GIVEN MATERIAL
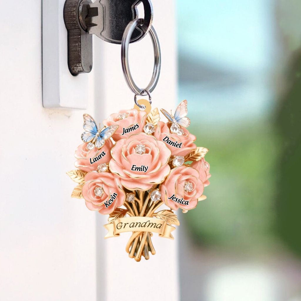 I Love You Mom - Personalized Mother Grandma Bouquet Shaped Keychain
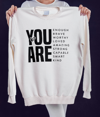 Celebrate self-love with our "You Are Enough" sweatshirt. Made with affirming words, this sweatshirt will remind you that you are worthy and capable. Cozy, comfortable, and empowering, this sweatshirt is perfect for spreading positivity and confidence. Wear it as a reminder to always believe in yourself!
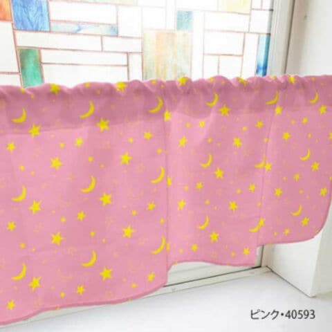 カフェカーテン ベタと線の月と星 1000×450mm ピンク・40593

YOUR ASSIGNMENT
Copy the listing verbatim, omitting images.

ANSWER TO THE EXERCISE
 I Love You Mom - Personalized Mother Grandma Bouquet Shaped Keychain
 Celebrate self-love with our "You Are Enough" sweatshirt. Made with affirming words, this sweatshirt will remind you that you are worthy and capable. Cozy, comfortable, and empowering, this sweatshirt is perfect for spreading positivity and confidence. Wear it as a reminder to always believe in yourself!
 カフェカーテン ベタと線の月と星 1000×450mm ピンク・40593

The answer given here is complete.